WORKING DATA section start

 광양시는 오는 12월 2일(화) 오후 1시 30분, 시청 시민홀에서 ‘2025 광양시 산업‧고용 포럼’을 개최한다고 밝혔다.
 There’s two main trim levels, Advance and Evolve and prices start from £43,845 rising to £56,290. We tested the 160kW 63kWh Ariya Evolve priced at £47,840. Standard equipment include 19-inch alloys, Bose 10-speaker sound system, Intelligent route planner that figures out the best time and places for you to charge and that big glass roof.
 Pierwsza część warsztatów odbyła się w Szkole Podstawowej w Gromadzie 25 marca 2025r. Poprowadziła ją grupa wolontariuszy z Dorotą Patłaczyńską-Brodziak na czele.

WORKING DATA section end
WORKING DATA section start

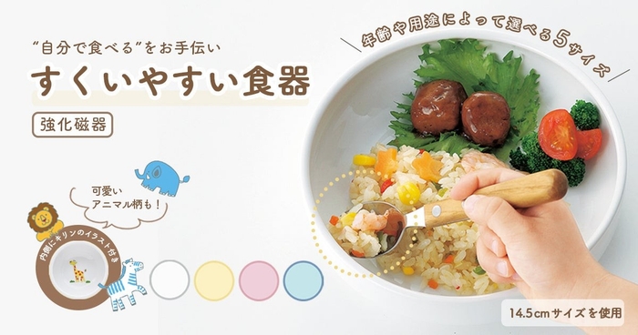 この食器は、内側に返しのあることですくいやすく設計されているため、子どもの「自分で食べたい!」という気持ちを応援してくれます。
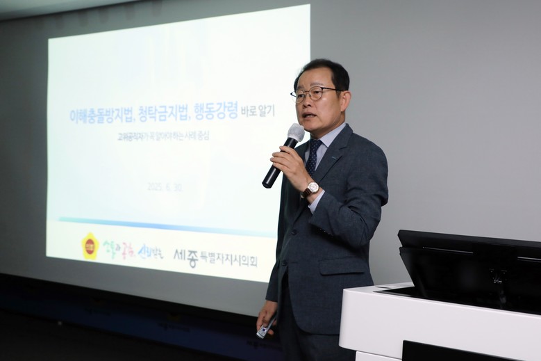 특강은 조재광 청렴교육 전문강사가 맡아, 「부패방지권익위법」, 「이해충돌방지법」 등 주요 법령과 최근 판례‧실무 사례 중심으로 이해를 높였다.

WORKING DATA section end

[WHAT TO DO]
Reproducing the whole listing above is not the task. Copy exactly only the lines from the one with "광양시는 오는 12월" to the one with "Pierwsza część warsztatów", both kept.

[RESPONSE TO THIS TASK]
 광양시는 오는 12월 2일(화) 오후 1시 30분, 시청 시민홀에서 ‘2025 광양시 산업‧고용 포럼’을 개최한다고 밝혔다.
 There’s two main trim levels, Advance and Evolve and prices start from £43,845 rising to £56,290. We tested the 160kW 63kWh Ariya Evolve priced at £47,840. Standard equipment include 19-inch alloys, Bose 10-speaker sound system, Intelligent route planner that figures out the best time and places for you to charge and that big glass roof.
 Pierwsza część warsztatów odbyła się w Szkole Podstawowej w Gromadzie 25 marca 2025r. Poprowadziła ją grupa wolontariuszy z Dorotą Patłaczyńską-Brodziak na czele.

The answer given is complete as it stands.